◆ Directions:
The lines in the listing below are to be given again exactly, starting at the line holding "Chandrikapersad Santokhi heeft" and ending at the line holding "Bumbu Spesial Indofood". Do not include pictures.

◆ Dataset content:
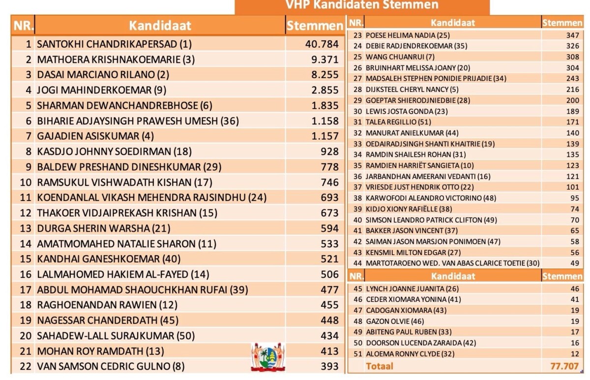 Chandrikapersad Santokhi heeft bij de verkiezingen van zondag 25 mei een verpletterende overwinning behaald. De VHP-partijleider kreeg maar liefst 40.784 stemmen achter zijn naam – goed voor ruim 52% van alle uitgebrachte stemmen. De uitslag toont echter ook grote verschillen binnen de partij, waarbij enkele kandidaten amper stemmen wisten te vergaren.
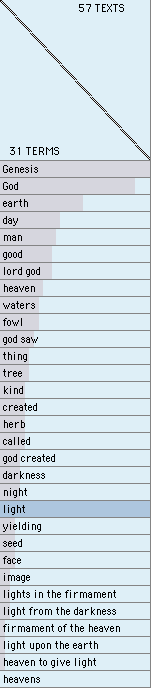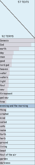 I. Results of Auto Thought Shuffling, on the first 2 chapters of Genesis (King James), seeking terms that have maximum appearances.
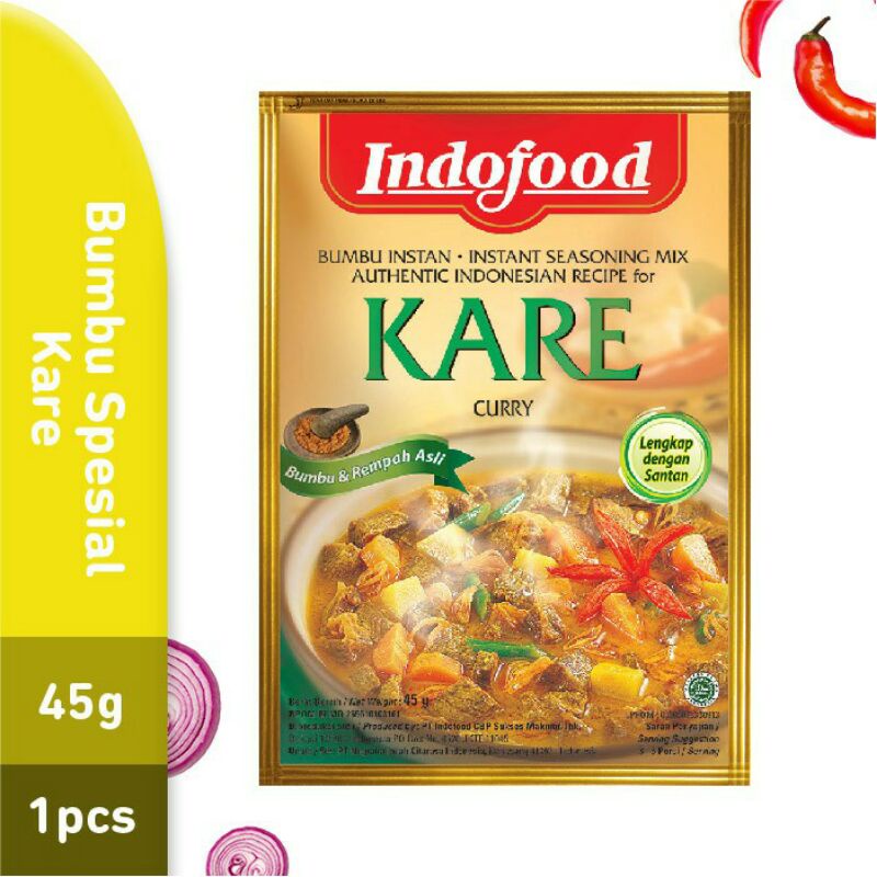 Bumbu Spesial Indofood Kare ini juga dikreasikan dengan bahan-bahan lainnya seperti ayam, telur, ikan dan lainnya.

--

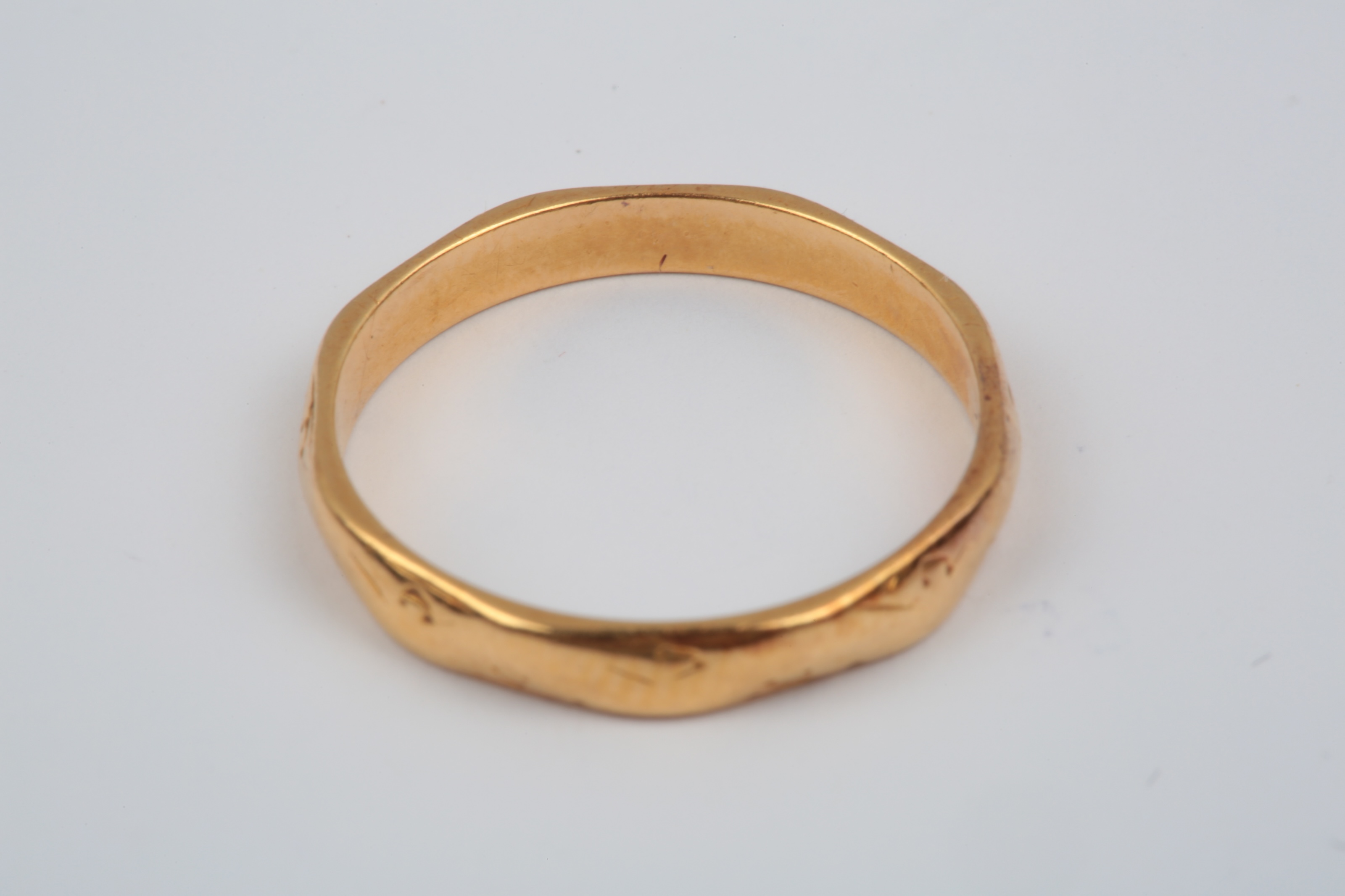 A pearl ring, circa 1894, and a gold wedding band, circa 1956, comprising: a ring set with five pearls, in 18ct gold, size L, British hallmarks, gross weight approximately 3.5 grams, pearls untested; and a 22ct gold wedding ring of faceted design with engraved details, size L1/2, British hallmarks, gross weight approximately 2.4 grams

◆ Solution for this problem:
 Chandrikapersad Santokhi heeft bij de verkiezingen van zondag 25 mei een verpletterende overwinning behaald. De VHP-partijleider kreeg maar liefst 40.784 stemmen achter zijn naam – goed voor ruim 52% van alle uitgebrachte stemmen. De uitslag toont echter ook grote verschillen binnen de partij, waarbij enkele kandidaten amper stemmen wisten te vergaren.
 I. Results of Auto Thought Shuffling, on the first 2 chapters of Genesis (King James), seeking terms that have maximum appearances.
 Bumbu Spesial Indofood Kare ini juga dikreasikan dengan bahan-bahan lainnya seperti ayam, telur, ikan dan lainnya.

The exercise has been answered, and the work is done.